BMI: Basic Introductions
It has become apparent of late, that whilst research into Brain Machine Interfaces continues at a steady pace, there is a certain amount of confusion in both academic and commercial circles about just what comprises a brain-machine interface.
This is thus a short disambiguation article, intended to make use of video files and imagery to explain to the lay person about the different types of BMI.
Implanted Computer Interface
The original concept, and usually first thought of when brain-machine interfaces are mentioned to a professional without exacting knowledge of the attempts to integrate with brain matter. Of the various attempts, the BrainGate interface is without doubt the most famouts, although there are other devices.

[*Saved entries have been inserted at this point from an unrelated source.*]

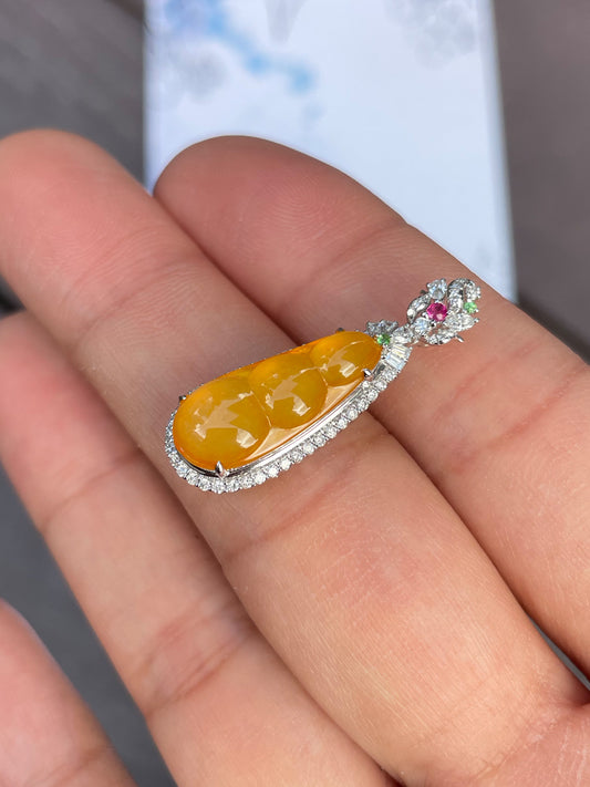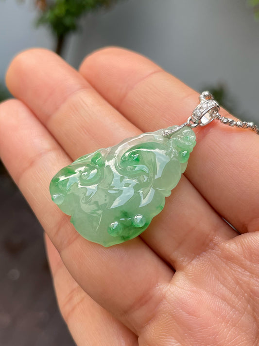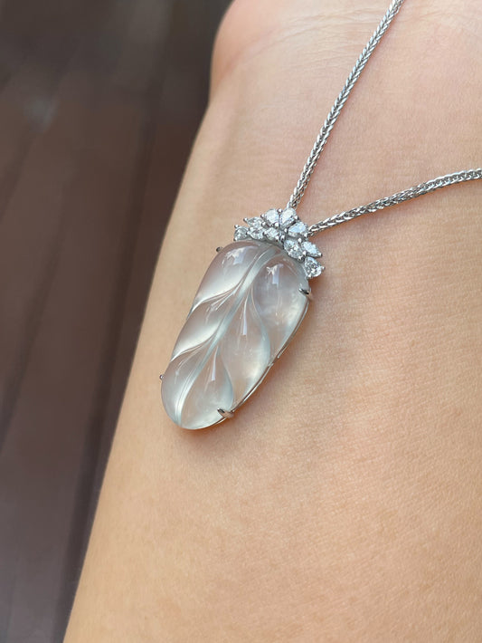 Icy Jadeite Pendant - Leaf Carving 叶子 (NJP015)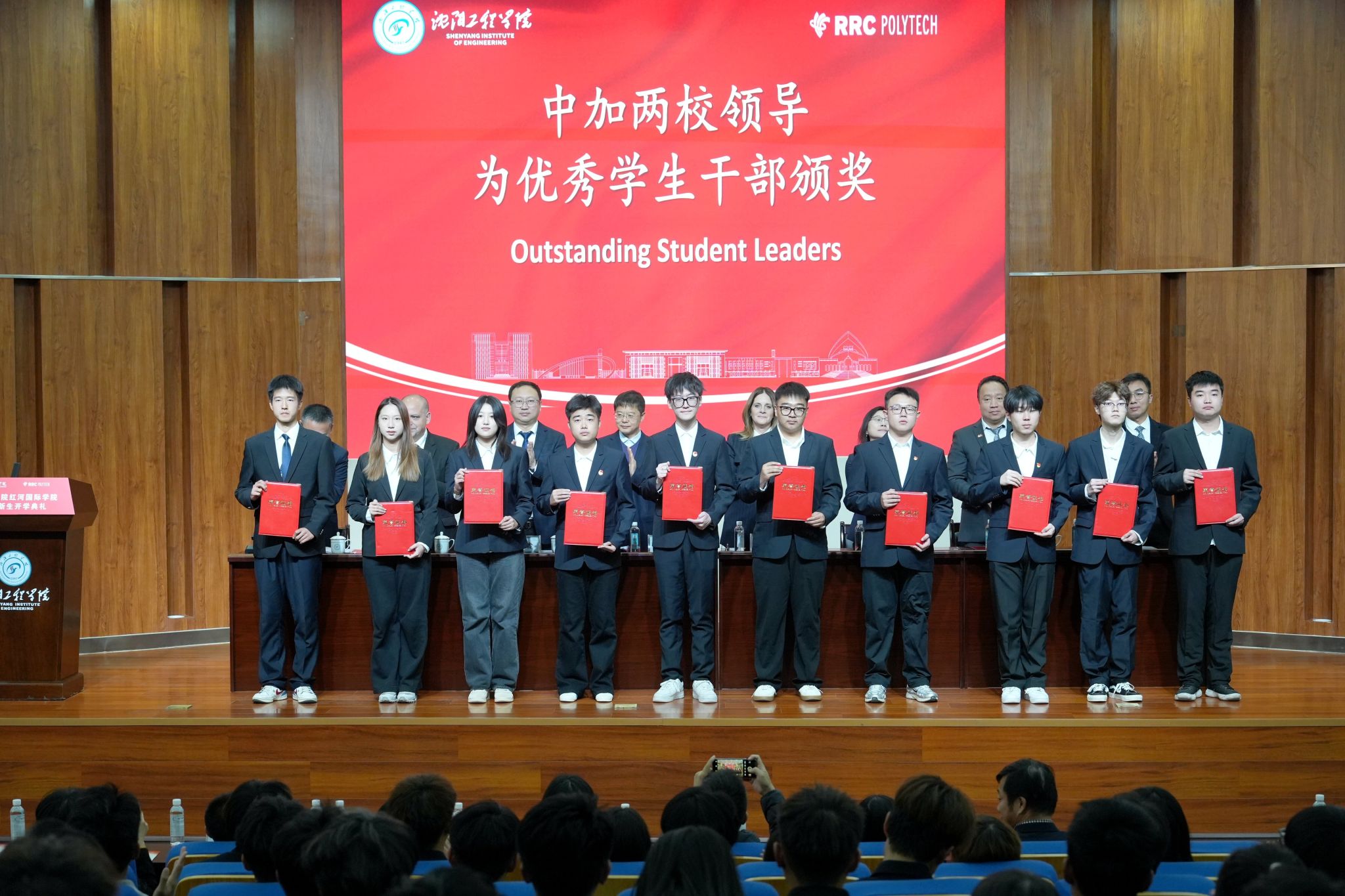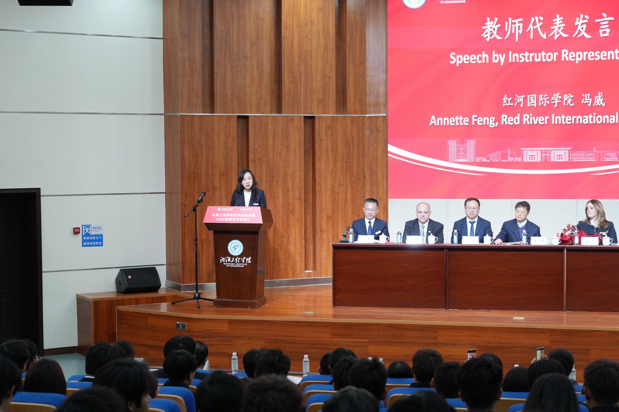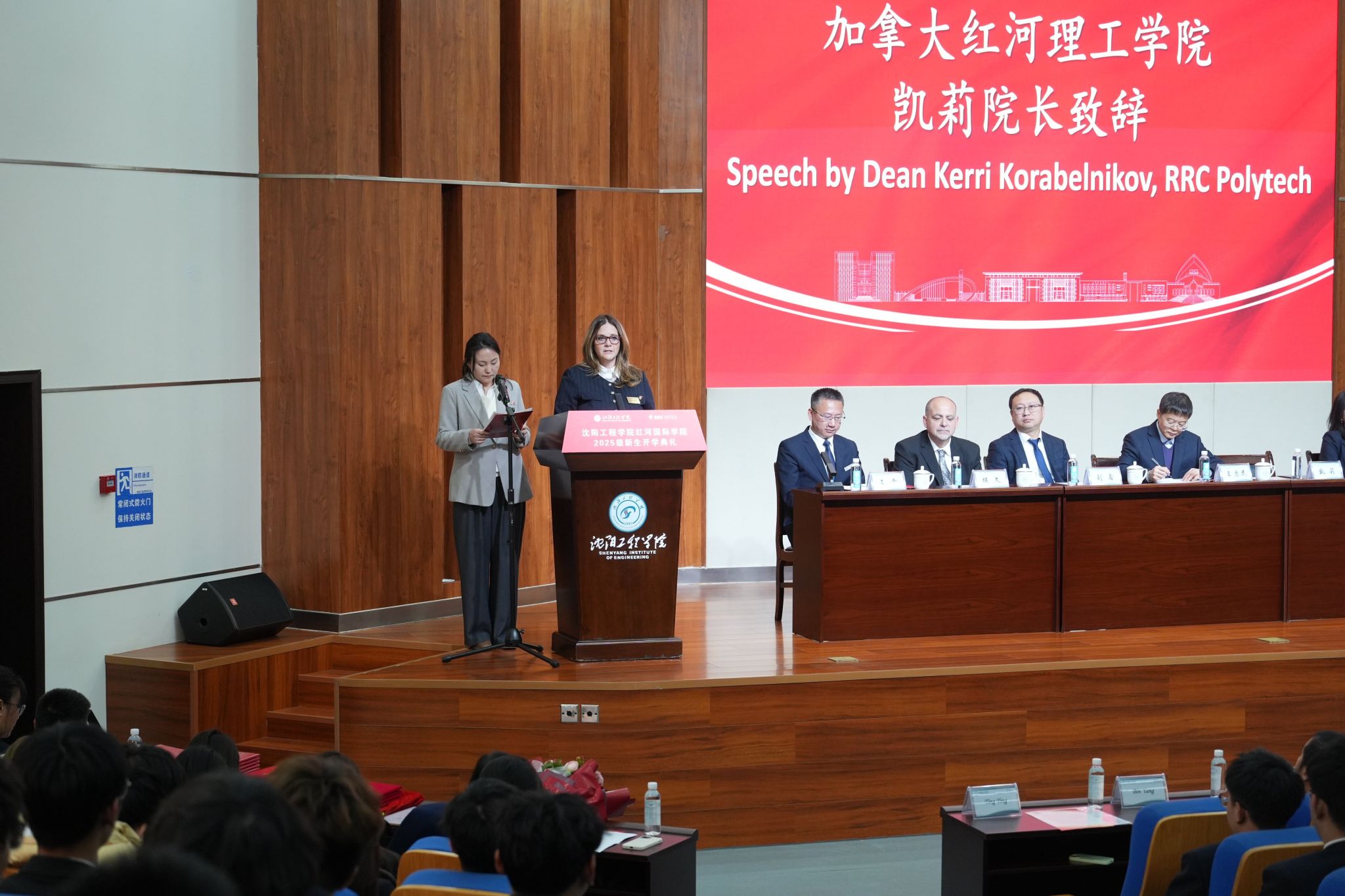 上午10时30分,典礼正式拉开帷幕。全体人员起立,奏唱中华人民共和国国歌与加拿大国歌。随后,王启民副校长致辞。他首先对加拿大红河理工学院各位嘉宾的远道而来表示诚挚欢迎,回顾两校 30 余年合作历程,期许未来两校能进一步拓展合作领域、深化合作内涵,为两国青年搭建更广阔的成长平台。同时,王启民副校长向 2025 级新生的到来表示热烈欢迎,他结合自身人生经历,向新生分享两点宝贵体会:一是要有意识培养专注力,通过 “学习 + 运动” 的循环训练提升专注时长;二是要着力锤炼意志力,鼓励新生克服不良习惯,不纠结于偶尔的失误,在自我斗争中不断成长。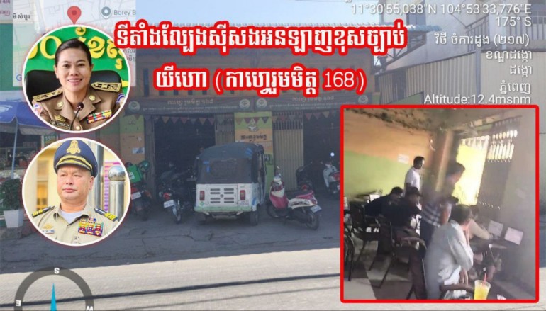 ទីតាំងល្បែងស៊ីសងអនឡាញខុសច្បាប់ យីហោ (កាហ្វេរួមមិត្ត 168) ដែលមានទីតាំងផ្លូវបេតុង ភូមិសំបូរ សង្កាត់/ខណ្ឌដង្កោ កំពុងតែបានដំណើរការជាធម្មតា ខណៈដែលអាជ្ញាធរមូលដ្ឋានហាក់មិនទាន់បានជ្រាបជាដំណឹង ! សូមលោក ជេម ស៊ីថា អធិការនគរបាលខណ្ឌដង្កោ ចាត់មន្ត្រីជំនាញចុះត្រួតពិនិត្យផងទាន!! ឯណា ភូមិ/សង្កាត់មានសុវត្ថិភាព របស់រាជរដ្ឋាភិបាល !!!?
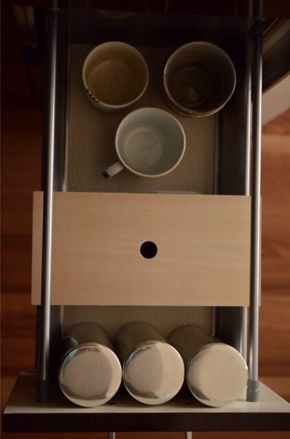 それと、引出しの容量を最大限に生かすため、茶缶を細長いもの(直径6.5cm, 高さ17.5cm)に交換しました。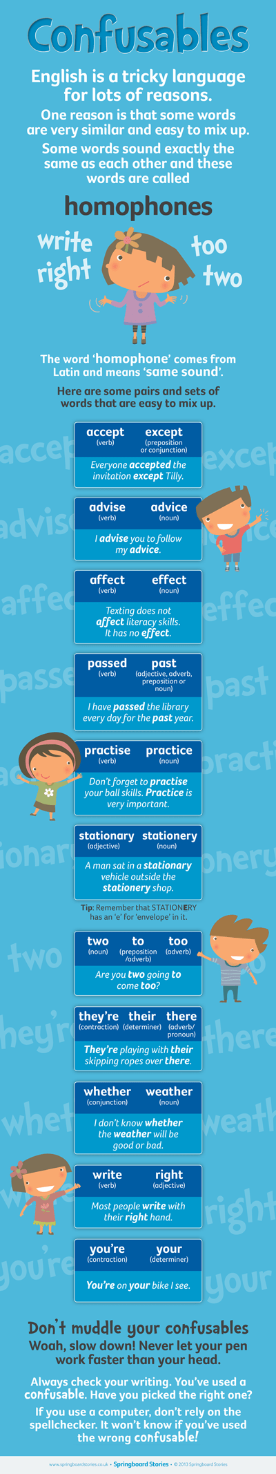 It will help explain some of those tricky homophones and other confusable words... and offers a little bit of valuable advice about not letting your pen work faster than your head.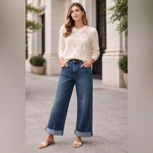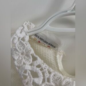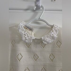 Crafted in a delicate textured knit with subtle diamond patterning, this piece is elevated by its standout detail: a beautiful scalloped lace collar that gives it a soft, heirloom-inspired look. Slightly puffed shoulders add just the right amount of structure, making it feel special without being overdone.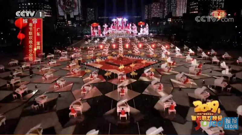 本屆春晚深圳分會場廣場放置了將近150臺白色鋼琴,每一架鋼琴下是由64塊黑色玻璃LED屏幕組成的平臺,由晶臺LED器件、光祥制造的LED屏幕在晚會上光芒四射,大放異彩,光影和音樂的組合為觀眾帶來不同凡響的視聽盛宴,為全球觀眾呈現(xiàn)了完美的舞臺視覺效果。呼應(yīng)晚會“奮進新時代、歡度幸福年”主題,充滿現(xiàn)代科技感的營造出歡樂祥和、喜氣洋洋的新春氛圍,為全球華人獻上一道豐盛的年夜大餐。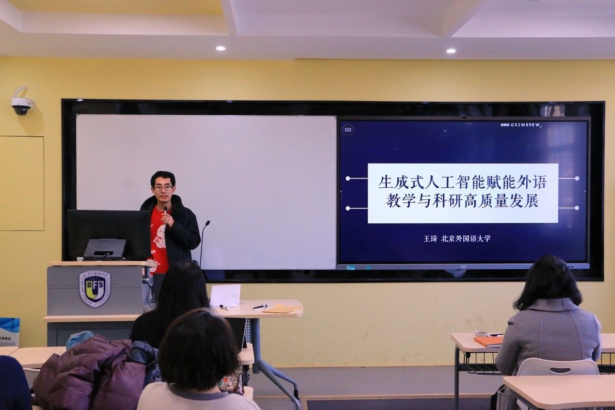 人工智能与人类语言重点实验室王琦博士以“生成式人工智能赋能外语教学与科研高质量发展”为题,作发言报告。从生成式人工智能入手,讲述了大语言模型的发展变革。提出传统外语教学面临一定的问题与挑战,人工智能能够在很大程度上赋能外语教学与研究,并通过演示范例生动形象地讲解了如何通过人工智能辅助教学、优化教学。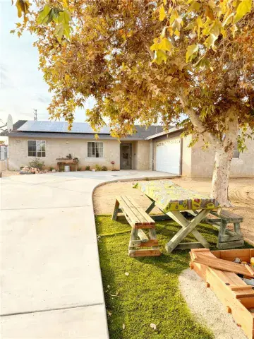 Single-story 3-bedroom, 2-bath home situated on a large 21,000+ sq ft lot in Yucca Valley. Offering approximately 1,207 sq ft of living space, this property features a functional floor plan with ample space for entertaining, attached 2-car garage, and a large well maintained yard. This home is equipped with solar panels, adding long-term energy savings. The expansive lot provides ample space for RV parking, storage, gardening, workshop potential, or future improvements. The rear yard is fully fenced, and front yard includes a mature shade tree and outdoor seating area. This Home presents a great opportunity for buyers looking to find their piece of heaven in a growing desert community. Conveniently located near shopping, dining, and Joshua tree national Park.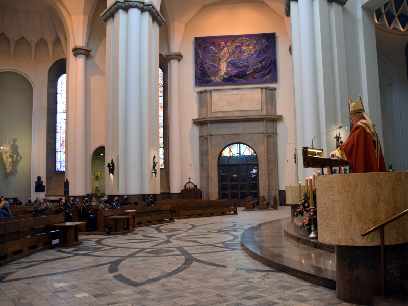 Ostatnią częścią dzisiejszych uroczystości była msza święta w intencji strażaków, odprawiona w Archikatedrze Chrystusa Króla w Katowicach. Mszę celebrował Jego Ekscelencja arcybiskup Wiktor Skworc - Metropolita Katowicki. Uczestniczył w niej także bp dr Marian Niemiec - Biskup Diecezji Katowickiej Kościoła Ewangelicko - Augsburskiego w RP.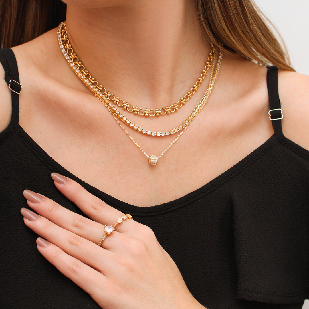 Transforme a maneira como você usa seus pingentes! Adicione agora mesmo o Separador de Pingentes Zircônias Folheado a Ouro 18k da Piuka ao seu carrinho e crie combinações incríveis com seus acessórios favoritos!

The video below is designed to illustrate the process undertaken by BrainGate in 2006. Whilst methods have changed, and electrode sensors have increased beyond the 10 x 10 array of the original, they have not changed significantly enough to warrant a new video: This method, including the suizable interface pedestal, is still current for implanted electrode arrays. The bulky hardware is there to affix to the skull, prevent infection on a permanently open wound, and prevent any of the compontents from shifting about.
Brain activity is read directly, picking up the firing signals from neuron(s) closest to each individual electrode.
Surface Scanning Computer Interface
Surface scanning works by attaching an electrode net onto the scalp. This is the same technique used for medical EEGs (electroencephalograms), except that the results of the electrode array placed on the scalp.are diverted in real-time to control an external device.
EEG based BMI works by reading the electrical field generated by the brain, detecting the tiny distortions in electrical field that leach through above the skull, and generalising their meaning from the rough area of the brain they came from. These surface nets are limited due to the presence of the skull, whose thick bone dampens electrical signals. All they can do is pick up fgeneral activity coming from a specific area of the brain where many neurons are firing. They lack the fidelity to detect somrthing as small as a single neuron firing, and thus are by nature imprecise.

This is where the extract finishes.